RECORDS FOR PROCESSING:
++++++++++
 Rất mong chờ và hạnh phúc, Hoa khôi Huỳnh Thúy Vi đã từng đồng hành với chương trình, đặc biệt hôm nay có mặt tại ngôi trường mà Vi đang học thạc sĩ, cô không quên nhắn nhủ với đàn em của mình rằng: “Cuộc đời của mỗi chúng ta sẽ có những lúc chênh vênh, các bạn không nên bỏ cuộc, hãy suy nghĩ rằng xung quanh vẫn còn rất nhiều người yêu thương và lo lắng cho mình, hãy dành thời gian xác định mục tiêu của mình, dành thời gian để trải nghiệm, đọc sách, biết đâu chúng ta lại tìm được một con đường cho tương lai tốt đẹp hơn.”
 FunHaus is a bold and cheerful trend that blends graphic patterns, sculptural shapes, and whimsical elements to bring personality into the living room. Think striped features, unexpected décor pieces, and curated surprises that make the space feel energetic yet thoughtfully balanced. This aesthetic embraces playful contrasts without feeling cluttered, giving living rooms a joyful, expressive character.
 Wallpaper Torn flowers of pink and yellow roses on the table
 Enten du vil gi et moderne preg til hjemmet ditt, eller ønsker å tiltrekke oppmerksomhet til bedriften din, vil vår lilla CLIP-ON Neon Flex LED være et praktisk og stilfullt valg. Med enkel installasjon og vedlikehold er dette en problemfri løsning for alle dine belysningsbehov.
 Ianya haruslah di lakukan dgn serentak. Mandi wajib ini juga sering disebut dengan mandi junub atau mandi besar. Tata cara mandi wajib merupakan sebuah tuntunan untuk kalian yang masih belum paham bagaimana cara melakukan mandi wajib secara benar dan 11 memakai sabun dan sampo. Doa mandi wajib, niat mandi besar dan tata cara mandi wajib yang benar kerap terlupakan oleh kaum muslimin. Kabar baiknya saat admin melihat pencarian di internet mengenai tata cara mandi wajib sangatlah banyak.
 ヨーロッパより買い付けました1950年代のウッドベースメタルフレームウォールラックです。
++++++++++
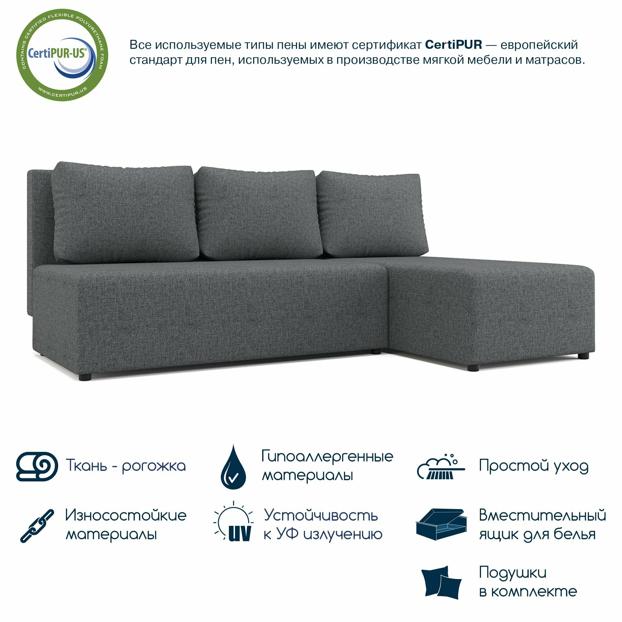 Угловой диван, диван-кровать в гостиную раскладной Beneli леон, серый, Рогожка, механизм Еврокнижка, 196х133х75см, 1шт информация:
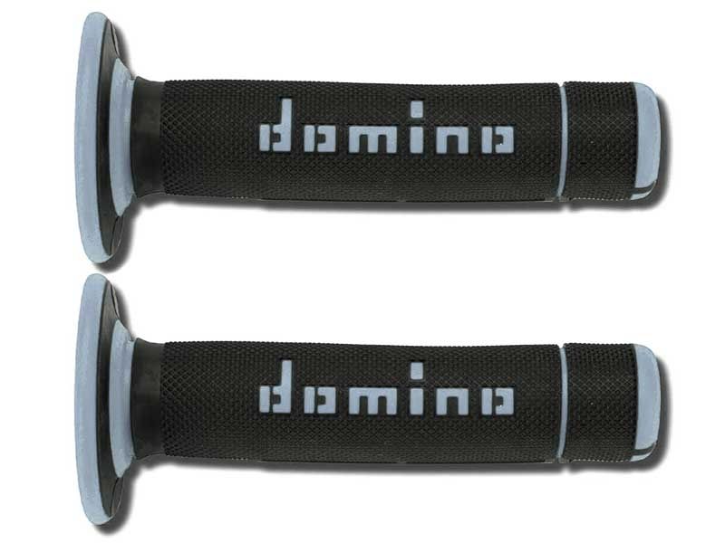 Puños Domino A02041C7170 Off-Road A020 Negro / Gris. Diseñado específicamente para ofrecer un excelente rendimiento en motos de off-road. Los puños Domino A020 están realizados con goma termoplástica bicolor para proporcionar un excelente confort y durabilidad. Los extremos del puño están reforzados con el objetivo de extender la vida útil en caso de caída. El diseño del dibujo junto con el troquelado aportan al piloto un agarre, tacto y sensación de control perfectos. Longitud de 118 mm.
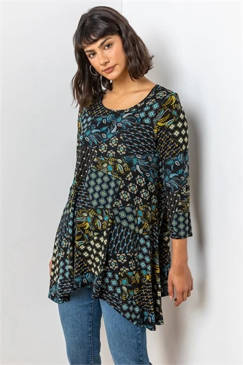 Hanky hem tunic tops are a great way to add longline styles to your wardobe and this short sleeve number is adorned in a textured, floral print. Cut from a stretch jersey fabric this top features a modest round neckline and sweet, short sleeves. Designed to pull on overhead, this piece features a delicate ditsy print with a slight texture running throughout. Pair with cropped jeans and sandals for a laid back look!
++++++++++
WHAT IS EXPECTED: Using the data above, reproduce exactly the lines between those holding "Enten du vil" and "Ianya haruslah di", inclusive, and no others.

ANSWER FOR THE TASK:
 Enten du vil gi et moderne preg til hjemmet ditt, eller ønsker å tiltrekke oppmerksomhet til bedriften din, vil vår lilla CLIP-ON Neon Flex LED være et praktisk og stilfullt valg. Med enkel installasjon og vedlikehold er dette en problemfri løsning for alle dine belysningsbehov.
 Ianya haruslah di lakukan dgn serentak. Mandi wajib ini juga sering disebut dengan mandi junub atau mandi besar. Tata cara mandi wajib merupakan sebuah tuntunan untuk kalian yang masih belum paham bagaimana cara melakukan mandi wajib secara benar dan 11 memakai sabun dan sampo. Doa mandi wajib, niat mandi besar dan tata cara mandi wajib yang benar kerap terlupakan oleh kaum muslimin. Kabar baiknya saat admin melihat pencarian di internet mengenai tata cara mandi wajib sangatlah banyak.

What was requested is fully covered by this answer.